French and German banks know a good deal when they have one. They have one in the 21% haircuts they “voluntarily” accepted. The problem is even 50% haircuts are likely insufficient. The bondholders are upset at this reality. Tough.
Yahoo! Finance reports Merkel says Greek bailout terms may be changed
German Chancellor Angela Merkel hinted that the second Greek bailout package might have to be renegotiated amid increasing market speculation Wednesday that European leaders want to force private holders of Greek bonds to take bigger losses.
Merkel didn’t rule out altering the terms to the euro109 billion ($148 billion) package, saying the decision must be based on how Greece’s debt inspectors, the so-called troika, judge Athens’ recent austerity efforts.
“So we must now wait for what the troika finds out and what it tells us: do we have to renegotiate or do we not have to renegotiate?” she said in an interview with Greece’s ERT television Tuesday night.
Merkel added that she “cannot anticipate the result of the troika.”
Greece “will not get back on its feet without a serious reduction in debt,” said Ottmar Issing, a former chief economist of the European Central Bank, who has served as an adviser to Merkel in the past.
Athens needs to see its debt cut “at least 50 percent, probably more,” Issing was quoted by Germany’s Stern magazine.
Germany’s banking association insisted there was no need to renegotiate the terms of the second bailout package.
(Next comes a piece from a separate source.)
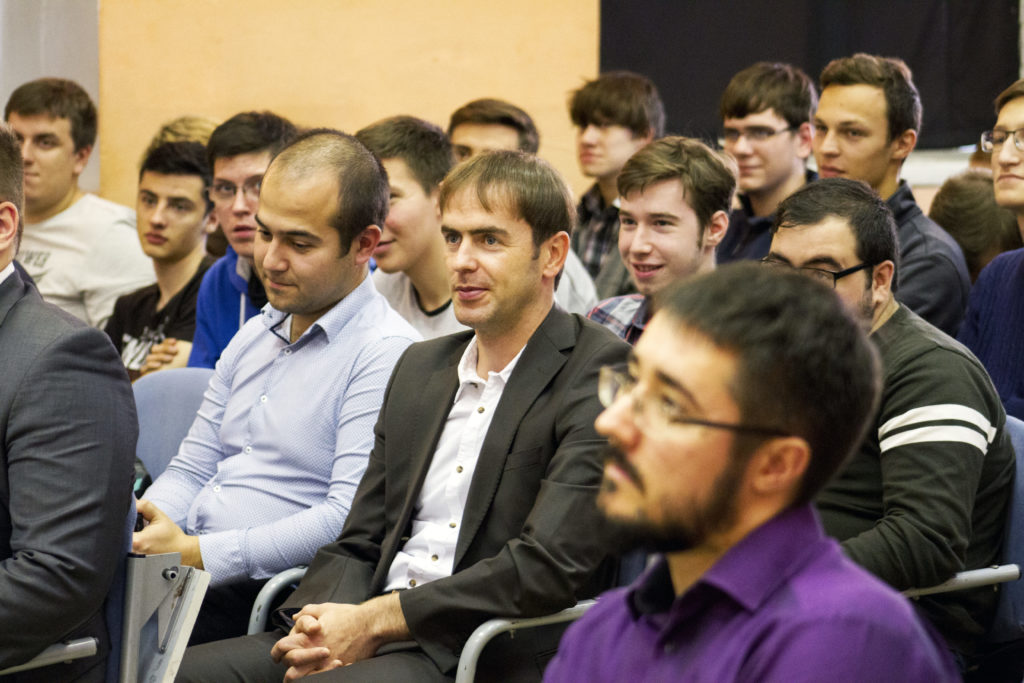 Перед студентами выступил выпускник 2016г., а ныне программист АО «ЦНИРТИ им. академика А.И. Берга» Семенов Д.С.. В своем выступлении он поделился о свой работы на предприятии, о используемых языках программирования на предприятии, о льготах, о дальнейшем обучении в вузах от предприятия, и пригласил приходить на преддипломную практику и в дальнейшем трудоустройстве.

Banks in Germany and France are among the biggest holders of Greek bonds.
A default by Greece or another country would send shock waves through the global economy, particularly in Europe, authorities fear. Banks would suffer such large losses on government bonds they hold that they would cut off credit to the wider economy and cause a new, sharper recession.
Needs vs. Fantasies
The banking industry says there is no “need” to change the terms. Of course there is a need to change the terms. Banks are not going to be paid back what they are owed. Let’s not confuse “needs” with pie-in-the-sky fantasies.
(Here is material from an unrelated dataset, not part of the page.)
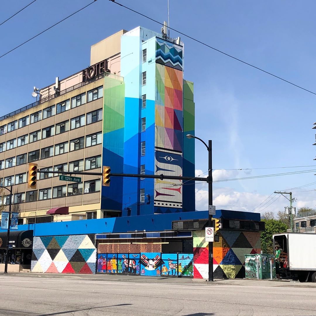This mural focuses on the powerful connection of Vancouver and it’s local indigenous nations to the spirit and animals of the ocean. It includes more than one hundred unique and vibrant colours sampled from images of both above and below the ocean surface. The mural reflects a dive deep into the ocean starting from the top with shapes of our ice-age fjords, followed by the rainbow spectrum of the shallow waters, all the way down to local sea life like the wolf eel and glass sea sponges that live in the depths of Howe Sound. All of the shapes used are inspired by local traditional weaving patterns.

Split Opens over Greek Bail-Out Terms
The Financial Times reports Split opens over Greek bail-out terms
A split has opened in the eurozone over the terms of Greece’s second €109bn bail-out with as many as seven of the bloc’s 17 members arguing for private creditors to swallow a bigger writedown on their Greek bond holdings, according to senior European officials.
The divisions have emerged amid mounting concerns that Athens’ funding needs are much bigger than estimated just two months ago. They threaten to unpick a painfully negotiated deal reached with private sector bond holders in July.
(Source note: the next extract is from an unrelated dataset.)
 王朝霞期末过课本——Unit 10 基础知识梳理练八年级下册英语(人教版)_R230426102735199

While hardliners in Germany and the Netherlands are leading the calls for more losses to be imposed on the private sector, France and the European Central Bank are fiercely resisting any such move. They fear re-opening the bond deal could spark renewed selling of shares in European banks, which have significant holdings of Greek and other peripheral eurozone debt.
Senior European said there was significant division over the move to re-open the bondholders’ deal, which could trigger a bigger and earlier restructuring of Greek debt. Even within Germany, officials are split over whether to press for a bigger “haircut” for private sector creditors.
Under the terms of the July bail-out, bondholders agreed to trade about €135bn in bonds that come due through 2020 for new, European Union-backed bonds that would not be repaid for decades. This deal implied a haircut of 21 per cent for bondholders, but many German officials say they were forced to agree a deal that was too beneficial for the banks.
Take the Loss
One look at the DAX, or European bank stocks suggests major shock waves have already been felt. More are coming. However, the shock waves would have been far less had banks, the ECB, and the EU accepted realistic losses two years ago and simply let Greece default.
Losses will now be four to 10 times as large, depending on how much more money everyone is willing to throw at the problem. Thus, upping the ante to shelter bondholders from losses was exactly the wrong thing to do then, and it is still the wrong thing to do today.
Barry Ritholtz had an excellent article on this theme just today: Take The Loss.
The fear should have been in hiding losses not taking them. Unfortunately, I expect some wishy-washy compromise will up the losses one reportedly “final time” to 30-35% not the needed 60% or so. It won’t work. Hiding losses by not reporting them only makes matters worse.